__WORK REQUEST__
Below are the records; give again exactly the lines from the one containing "Step into the" through the one containing "holt sich Leckerchen", leaving out pictures.

__EXCERPTED RECORDS__
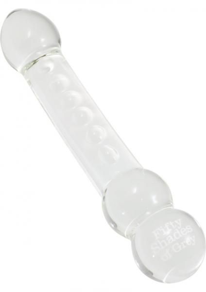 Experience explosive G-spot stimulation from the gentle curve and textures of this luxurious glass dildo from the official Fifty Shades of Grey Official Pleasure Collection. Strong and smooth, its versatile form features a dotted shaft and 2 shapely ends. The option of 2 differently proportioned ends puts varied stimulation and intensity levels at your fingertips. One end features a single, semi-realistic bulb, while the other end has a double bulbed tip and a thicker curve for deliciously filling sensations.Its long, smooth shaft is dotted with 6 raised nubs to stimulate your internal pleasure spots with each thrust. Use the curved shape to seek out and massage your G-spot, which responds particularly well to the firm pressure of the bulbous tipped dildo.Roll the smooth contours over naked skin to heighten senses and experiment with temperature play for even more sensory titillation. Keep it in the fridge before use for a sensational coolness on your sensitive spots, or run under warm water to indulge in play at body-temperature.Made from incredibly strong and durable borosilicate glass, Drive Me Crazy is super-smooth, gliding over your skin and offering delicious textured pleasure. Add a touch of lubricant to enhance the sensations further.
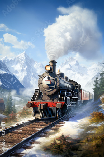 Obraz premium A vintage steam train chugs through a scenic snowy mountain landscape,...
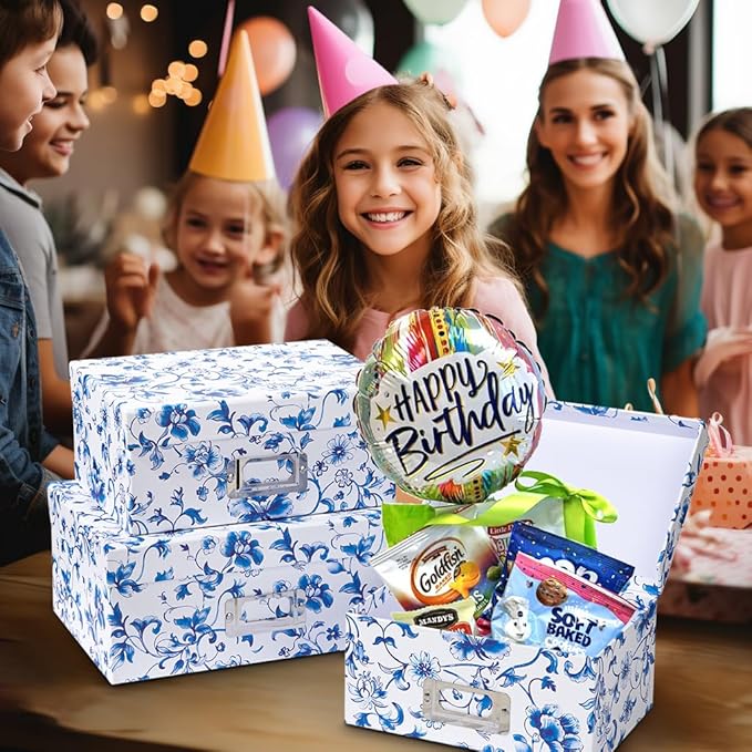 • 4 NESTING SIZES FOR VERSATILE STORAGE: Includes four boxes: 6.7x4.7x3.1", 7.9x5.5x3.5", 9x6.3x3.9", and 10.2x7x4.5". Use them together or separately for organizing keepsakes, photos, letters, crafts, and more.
...
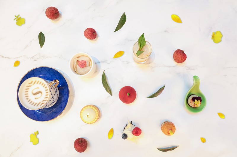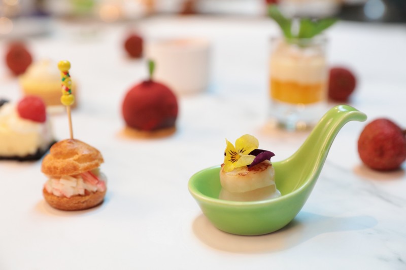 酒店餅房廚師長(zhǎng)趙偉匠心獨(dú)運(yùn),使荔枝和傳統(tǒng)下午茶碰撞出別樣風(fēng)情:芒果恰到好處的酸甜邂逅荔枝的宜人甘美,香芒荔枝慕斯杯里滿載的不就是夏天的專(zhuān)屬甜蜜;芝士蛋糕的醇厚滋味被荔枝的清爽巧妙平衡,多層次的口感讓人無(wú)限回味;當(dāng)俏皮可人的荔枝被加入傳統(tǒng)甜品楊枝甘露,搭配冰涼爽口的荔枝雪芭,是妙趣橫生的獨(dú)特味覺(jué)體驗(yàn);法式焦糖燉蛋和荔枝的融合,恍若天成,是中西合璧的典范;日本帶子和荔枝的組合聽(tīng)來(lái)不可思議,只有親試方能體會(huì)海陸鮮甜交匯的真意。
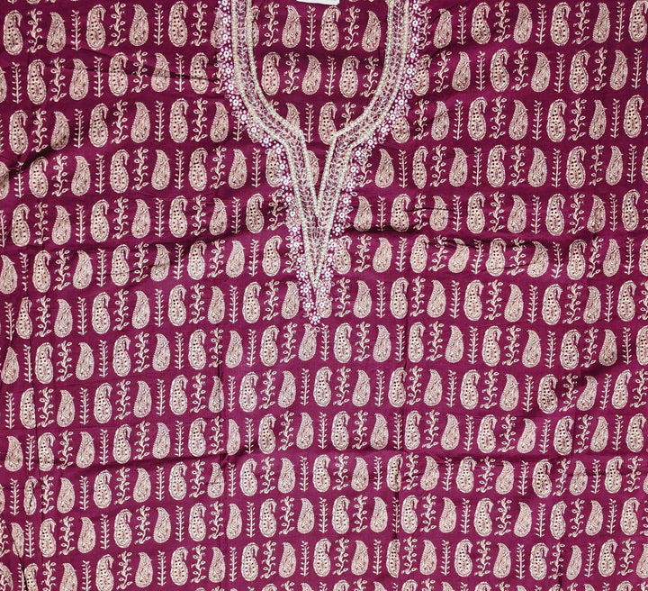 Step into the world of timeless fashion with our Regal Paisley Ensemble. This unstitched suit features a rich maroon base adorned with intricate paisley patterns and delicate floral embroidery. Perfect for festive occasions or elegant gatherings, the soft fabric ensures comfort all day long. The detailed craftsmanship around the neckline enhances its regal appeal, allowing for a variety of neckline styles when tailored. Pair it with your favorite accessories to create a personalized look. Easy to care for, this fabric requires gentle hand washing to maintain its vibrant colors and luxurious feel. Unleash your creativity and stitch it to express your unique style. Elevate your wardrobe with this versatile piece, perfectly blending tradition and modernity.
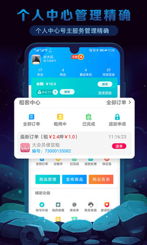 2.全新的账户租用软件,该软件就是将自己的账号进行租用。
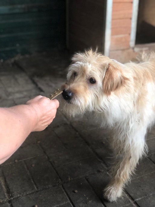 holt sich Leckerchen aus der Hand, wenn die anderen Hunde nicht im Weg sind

__ANSWER SECTION__
 Step into the world of timeless fashion with our Regal Paisley Ensemble. This unstitched suit features a rich maroon base adorned with intricate paisley patterns and delicate floral embroidery. Perfect for festive occasions or elegant gatherings, the soft fabric ensures comfort all day long. The detailed craftsmanship around the neckline enhances its regal appeal, allowing for a variety of neckline styles when tailored. Pair it with your favorite accessories to create a personalized look. Easy to care for, this fabric requires gentle hand washing to maintain its vibrant colors and luxurious feel. Unleash your creativity and stitch it to express your unique style. Elevate your wardrobe with this versatile piece, perfectly blending tradition and modernity.
 2.全新的账户租用软件,该软件就是将自己的账号进行租用。
 holt sich Leckerchen aus der Hand, wenn die anderen Hunde nicht im Weg sind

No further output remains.